*** Provided data Section Begins ***

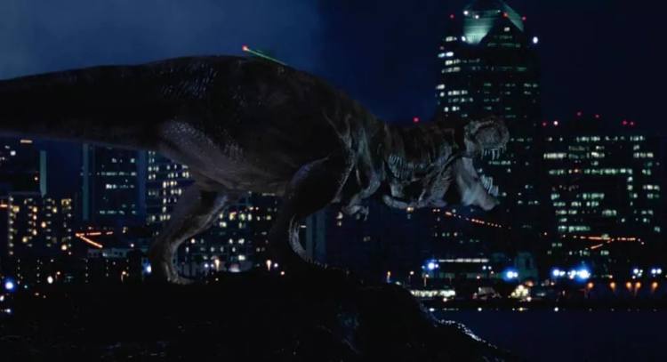 运输船抵达港口,霸王龙挣脱牢笼,在人类市区大肆破坏。
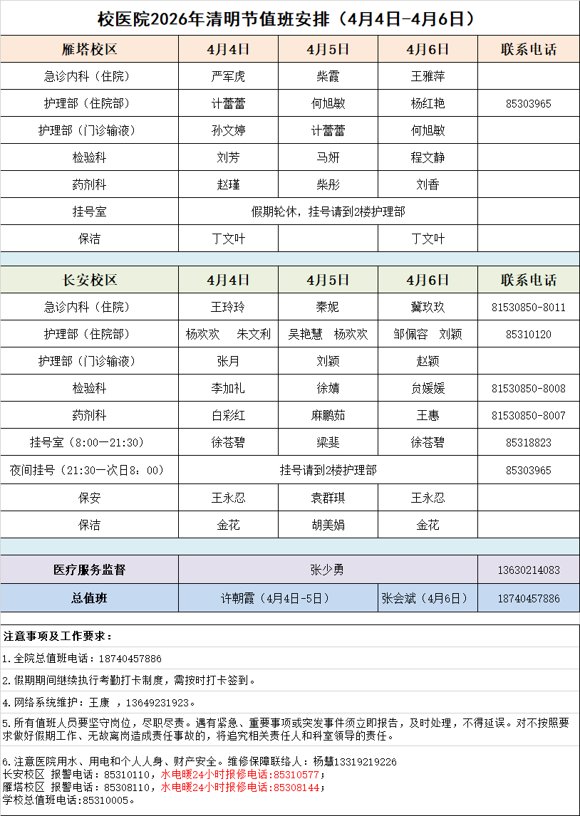 029-85307611(校内师生,雁塔区校外居民或单位)
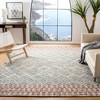 The rug showcases an intricate pattern combining harmonious shades of green and red, creating a visual feast for the eyes. The distinctive design boasts a symmetrical array of diamond shapes, each bordered with delicate lines and filled with smaller geometric motifs, evoking a sense of balance and sophistication in your living space.
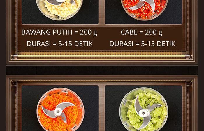 - Pisau Multifungsi & Tajam: 3/6 mata pisau stainless steel memastikan hasil potongan yang halus dan merata untuk segala jenis bahan.
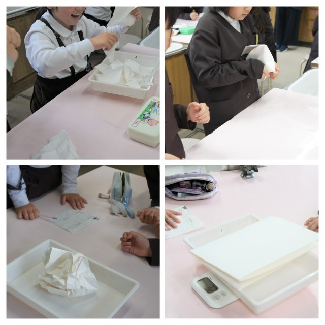 今日は「形を変えると重さは変わるのか」ねん土と画用紙を使って実験しました。

*** Provided data Section Ends ***

● Try it
Begin the copy at the line containing "029-85307611(校内师生,雁塔区校外居民或单位)" and end it at the final line of the material above, reproducing each line exactly and omitting pictures.

● Exercise output
 029-85307611(校内师生,雁塔区校外居民或单位)
 The rug showcases an intricate pattern combining harmonious shades of green and red, creating a visual feast for the eyes. The distinctive design boasts a symmetrical array of diamond shapes, each bordered with delicate lines and filled with smaller geometric motifs, evoking a sense of balance and sophistication in your living space.
 - Pisau Multifungsi & Tajam: 3/6 mata pisau stainless steel memastikan hasil potongan yang halus dan merata untuk segala jenis bahan.
 今日は「形を変えると重さは変わるのか」ねん土と画用紙を使って実験しました。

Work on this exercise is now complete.